Setiap pagi, hanya ada dia dan mamanya. Ayahnya Yejin sudah berangkat pagi-pagi sekali, dan kakak laki-lakinya terkadang tidak tidur di rumah.


Matvei, putra pertama, usia 18 tahun. Dia lebih sering tidur di rumah neneknya, daripada di sini.


"Tidak sarapan, Yejin?"


Yejin menggeleng. "Aku harus melakukan sesuatu." Dia berjalan keluar rumah dan benar-benar pergi.


Yeva menggeleng dan melanjutkan sarapan nya. "Sendirian lagi.." Dia hanya bisa menghembuskan nafas. Seperti sudah terbiasa dengan suasana seperti ini. Sarapan sendirian, tanpa suami dan kedua anaknya.


Tak selang berapa lama, suara pintu rumah terbuka dan ia mendengar suara Matvei.

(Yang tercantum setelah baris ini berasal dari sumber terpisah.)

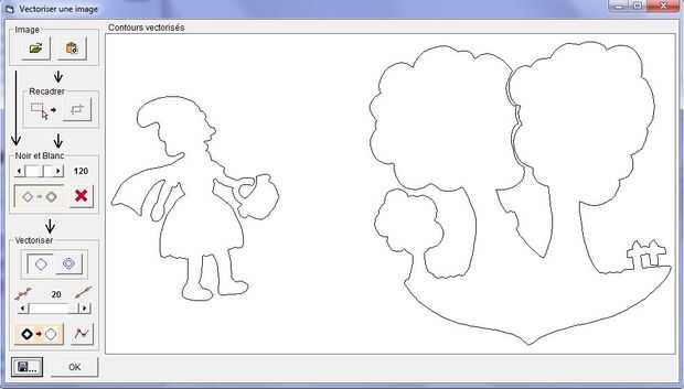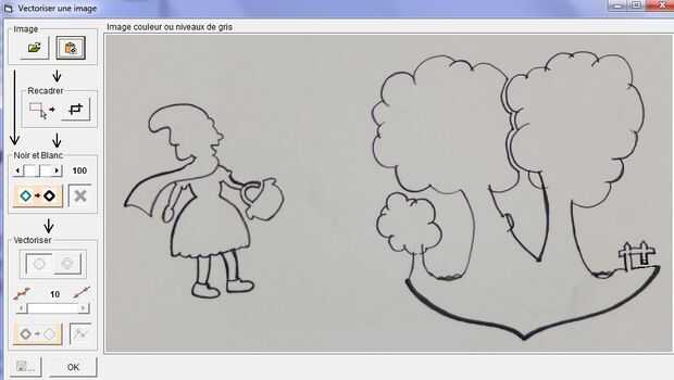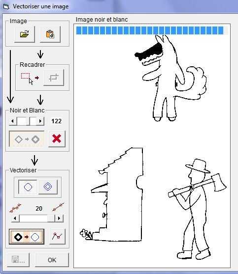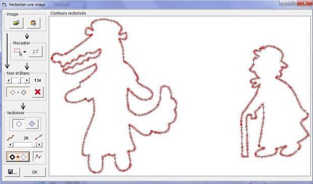 Tenga cuidado, la vectorización funciona bien con los cuadros del lado bajo 1200 píxeles. Si la imagen es demasiado grande, no será bueno. lado de 700-800 píxeles es suficiente para un caracter.

"Pagi, ma." Matvei memang jarang di rumah, namun ia lebih ramah dan terbuka dengan kedua orangtuanya, tidak seperti Yejin. Sifat nya bertolak belakang sekali dengan adik satu-satunya itu, Yejin.

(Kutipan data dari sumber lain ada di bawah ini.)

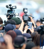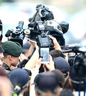 2013.07.10 08: 32취재진에 둘러싸여 팬들에게 전역 신고하는 비
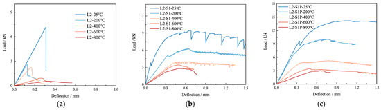 Load–deflection curves of specimens at different temperatures [84]. (a) Control group; (b) 1% steel fiber; (c) 1% steel fiber + 2% PP fiber.
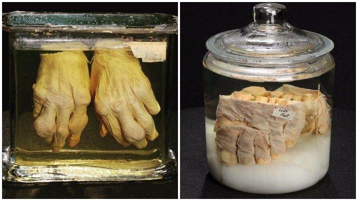 Spesimen basah yang disimpan merupakan bagian tubuh manusia yang berasal dari sumbangan.
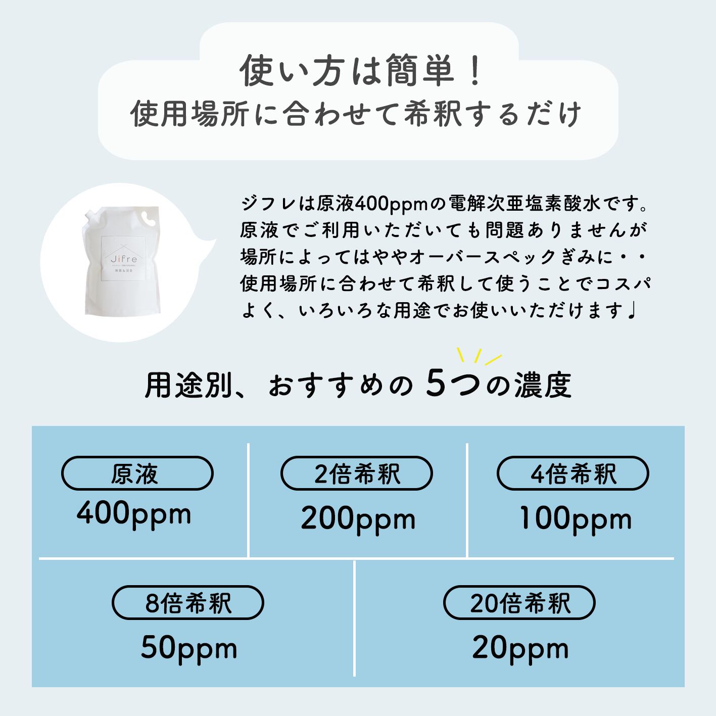 100~200ppm (希釈2倍~4倍):調理器具の除菌 / トイレの除菌消臭 / 生ごみやオムツなどの除菌消臭 / ウイルス対策 / ペットの消臭

Dia selalu tersenyum, dan membuat lelucon. Semua orang menyukai Matvei.


"Sudah sarapan?" Yeva tersenyum ketika putra pertamanya itu mencium pipinya.

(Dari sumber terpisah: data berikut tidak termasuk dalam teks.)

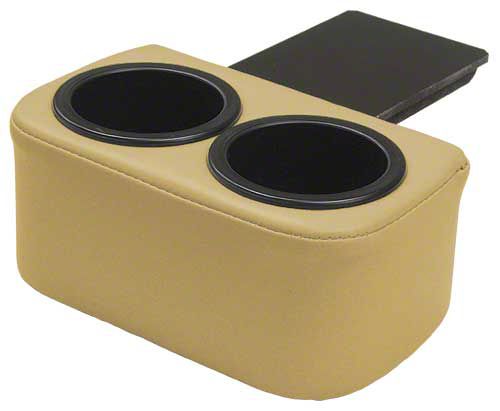 Our classic cars all suffer from the same problem - no cup holders. Plug & Chug makes the that problem disappear. With room to hold 2 drinks, you & your better half can enjoy the beverage of your choice without having to hold it in your lap. Covered in soft vinyl in a variety of colors, it will match almost any interior.

Matvei menggeleng. "Aku lapar sekali, nenek sakit dan tidak memasak." Ia duduk di kursi dan Yeva menyiapkan sarapannya dengan sigap.


"Nenek sakit?" Ia terkejut. "Kenapa kau tidak menghubungi mama?"


Matvei mengangguk sambil memakan roti lapis kesukaannya. "Hanya kelelahan karena semalaman merajut lagi." Sesekali Matvei menatap mamanya di sela makan paginya. "Mama jangan khawatir, paman sudah merawatnya."


"Tetap mama khawatir." Yeva selesai dengan sarapannya. "Kau mau mama siapkan bekal?" Ia berdiri dan berjalan menuju dapur.


"Tidak perlu." Matvei menggeleng dan Yeva hanya mengangguk. Dia pergi ke dapur untuk mengambil sesuatu.


"Yejin kemana?" Dia bertanya, karena tidak melihat adiknya berada di sini.


"Sudah berangkat. Baru saja, ketika kau kembali."


"Pagi sekali dia pergi.."


Yeva mengangguk. Dia duduk di kursi dan membereskan piring yang kotor. "Tadi malam dia menanyakanmu."


"Benarkah?"


Yeva mengangguk.


"Dia mulai perduli denganku lagi?" Matvei tertawa ringan dan melihat jam tangannya. "Aku harus pergi." Dia meminum susunya dan beranjak, ketika ekor matanya melihat sesuatu di ujung meja makan.


"Bukankah itu milik Yejin?" Dia menunjuk baju renang Yejin yang tergeletak.


"Benar, dia pasti meninggalkan nya. Matvei, Yejin latihan pagi ini," Yeva terkejut. Dia berpikir, dia tidak melihat baju itu dari tadi, padahal itu tergeletak tepat di depan nya.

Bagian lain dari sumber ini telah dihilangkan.